Be that as it may, President Trump continues to aggressively wield his axe to the domestic and international order, by sowing chaos, confusion and fostering a level of uncertainty that is even higher than during the pandemic. The lack of any genuine pushback from the US body politic, be that the sycophants in his administration and the Republican party, let alone the spineless and headless chickens of the Democrats should be alarming for everyone. But of greater concern is the all out assault on the US constitution and its institutions, clearly aimed at a massive ‘power grab’, and all out destruction of many of those institutions. Do bear in mind that the fathers of the US Constitution were not primarily concerned about defending ‘democracy’, but rather in protecting the country from monarchies, autocracies and oligarchs, above all given that so many of its citizens had fled Europe to escape the oppression of such regimes. It is rather moot whether the likes of Musk, Thiel, Yarvin and the array of ‘Tech Bros’ billionaires view Trump as a ‘useful idiot’ and are manouevring to install JD Vance as the ‘anointed MAGA heir’, or not, this looks to be an all out attempt to install their corporatist and authoritarian nomenklatura in the halls of power. But to quote Bill Clinton: ‘It’s the economy stupid’, and the history of those that go down the route of ‘short-term pain for long-term gain’ is one that is littered with failures, especially in a reasonably well functioning economy (so please, no counters with Argentina’s Milei, on whom the jury will remain out until the outcome of the next election). Indeed one should recall that if Argentina had not invaded the Falkland Islands, Margaret Thatcher would almost certainly have been a one term UK Prime Minister.

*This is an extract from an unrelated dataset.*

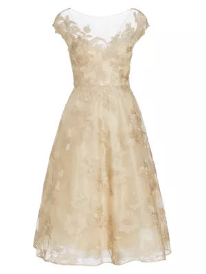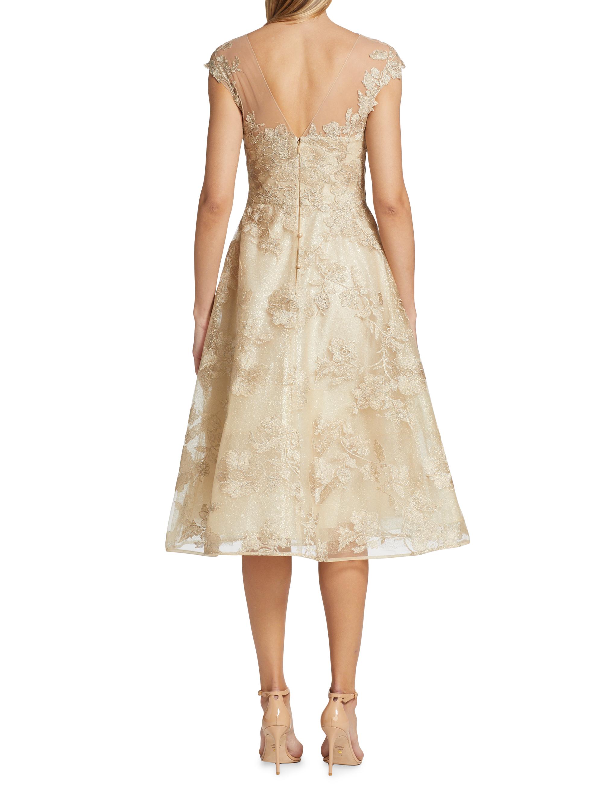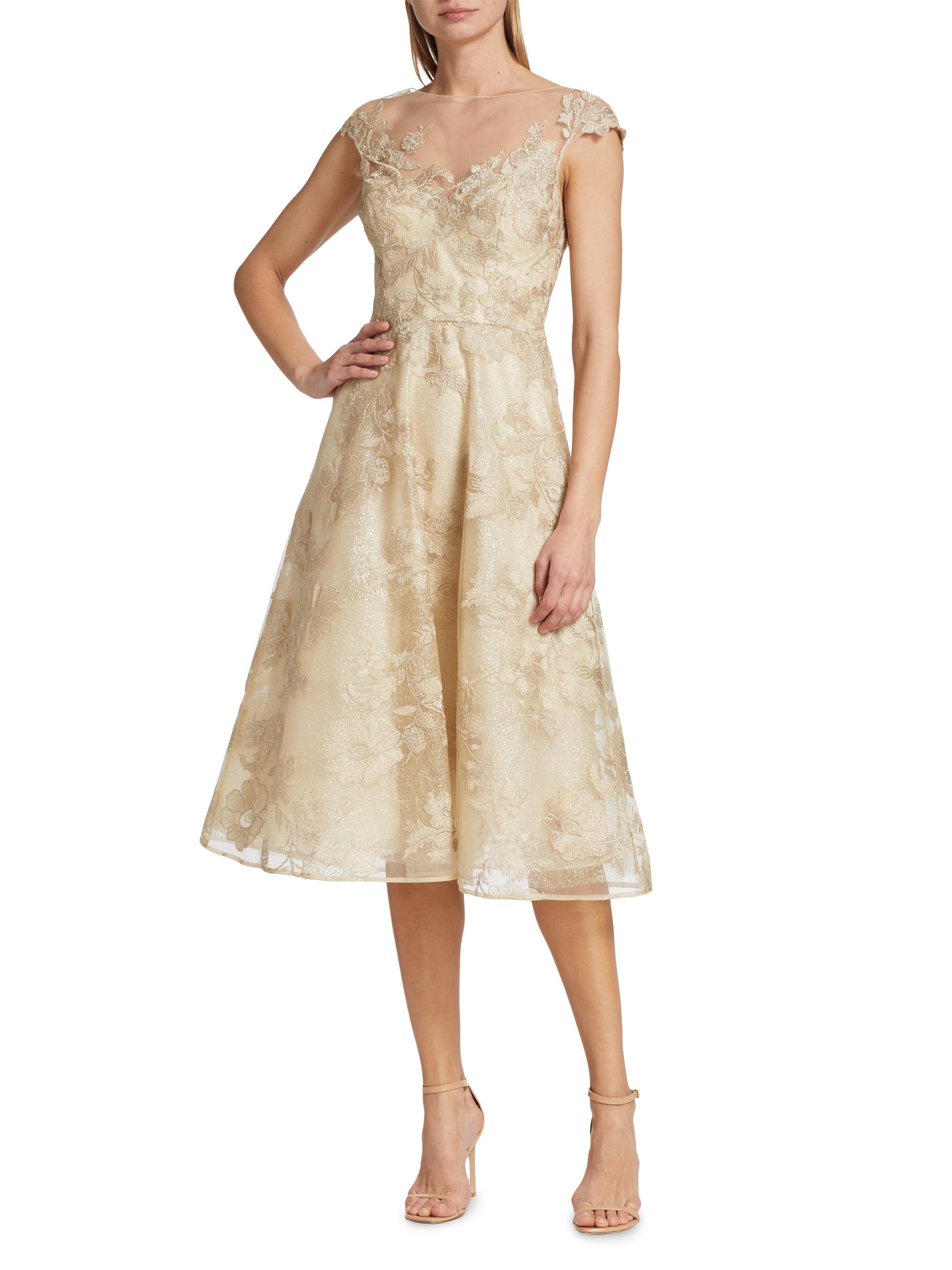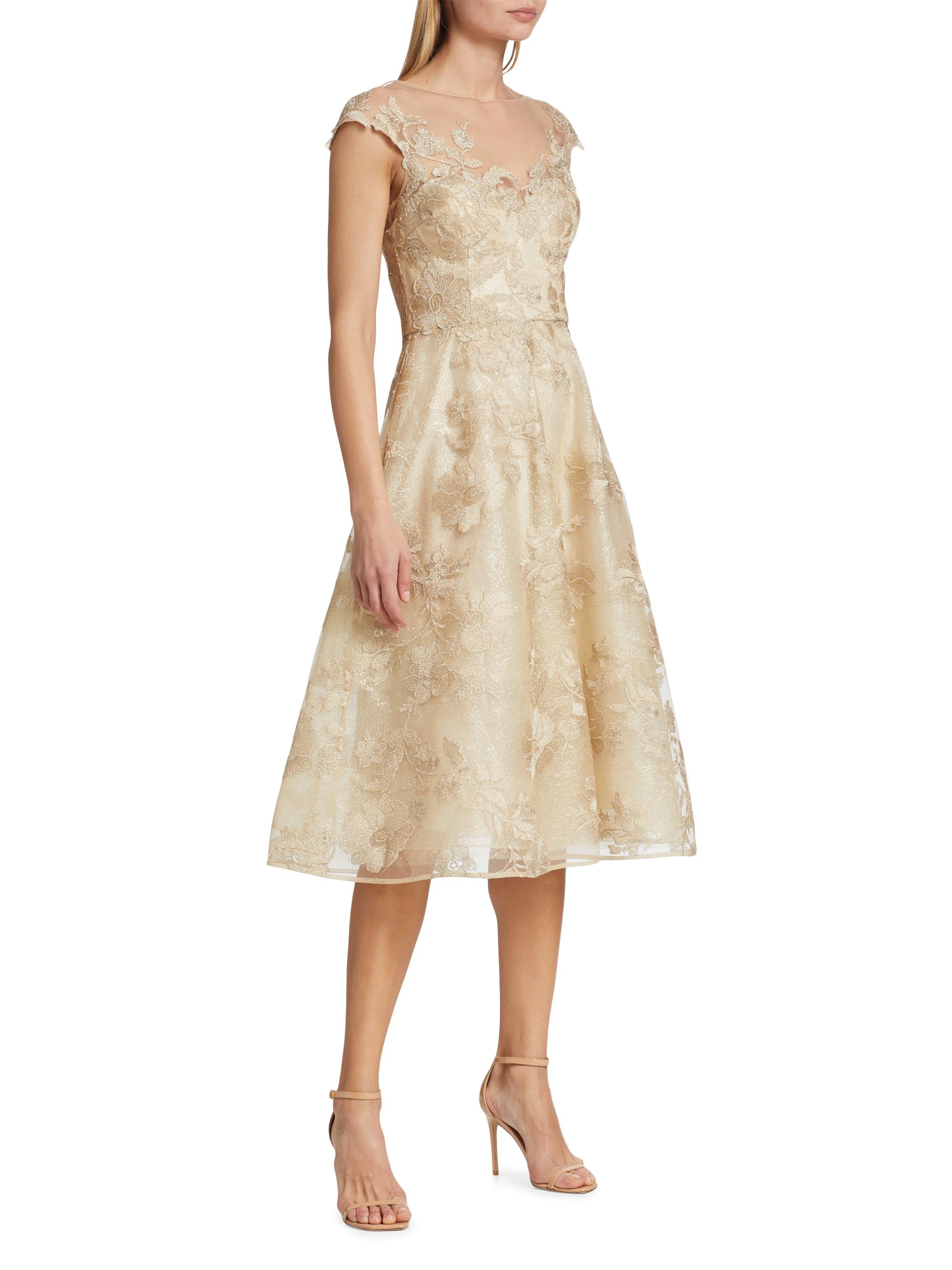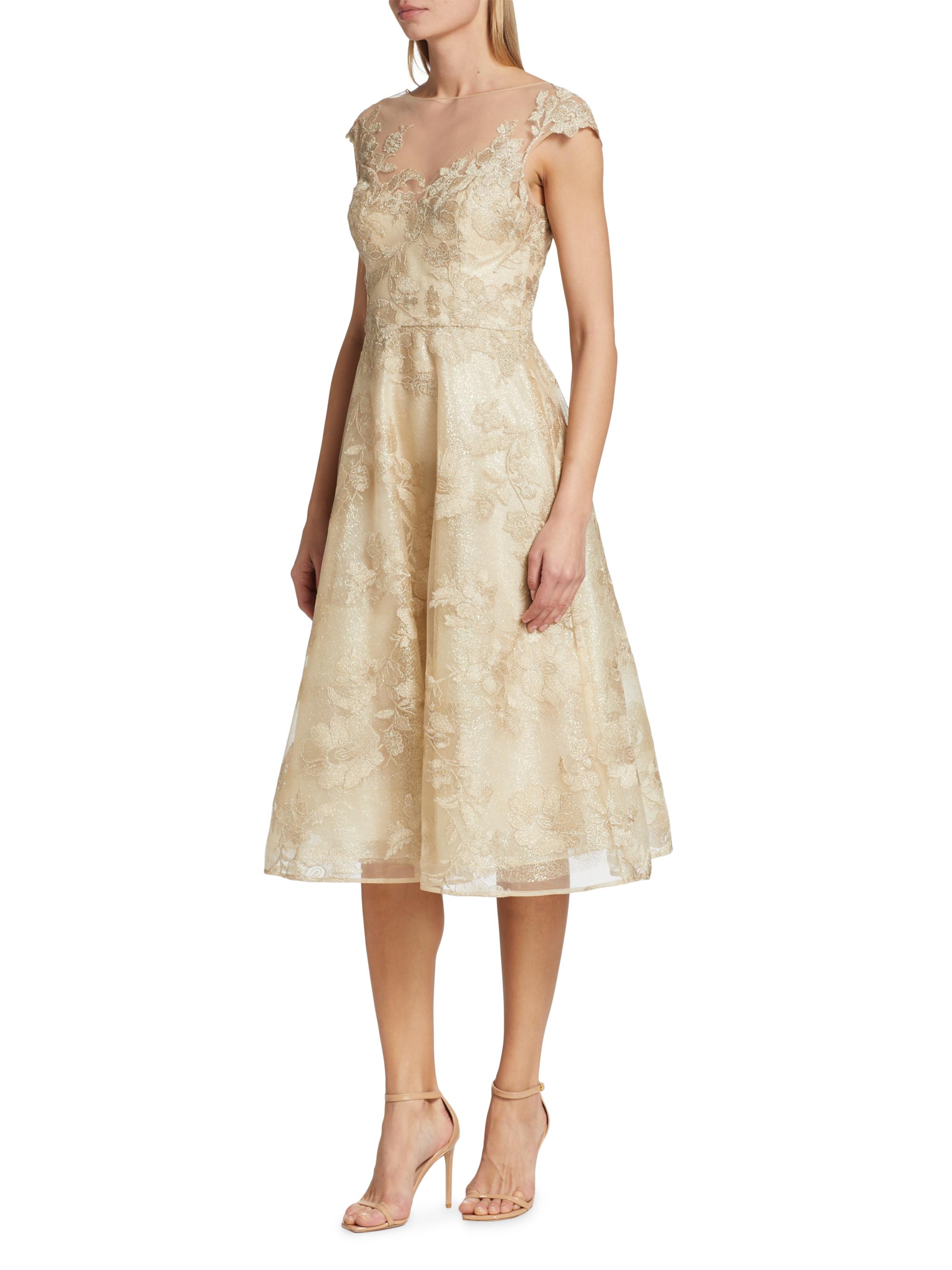 Teri Jon by Rickie Freeman Metallic Floral-Embroidered Midi-Dress

But out of adversity often come benefits, as per Hirschman’s ‘Hiding Hand’. Most immediately obvious has been a welcome rapprochement between the UK and continental Europe, and the seismic volte face that is being engineered on Germany’s ‘debt brake’ to facilitate defence and infrastructure spending, which should be ratified this week by the Bundestag and Bundesrat, though it will doubtless face Constitutional Court challenges brought by the AfD, both on the methodology (i.e. using the ‘old’ parliament to pass the reform) and the changes themselves.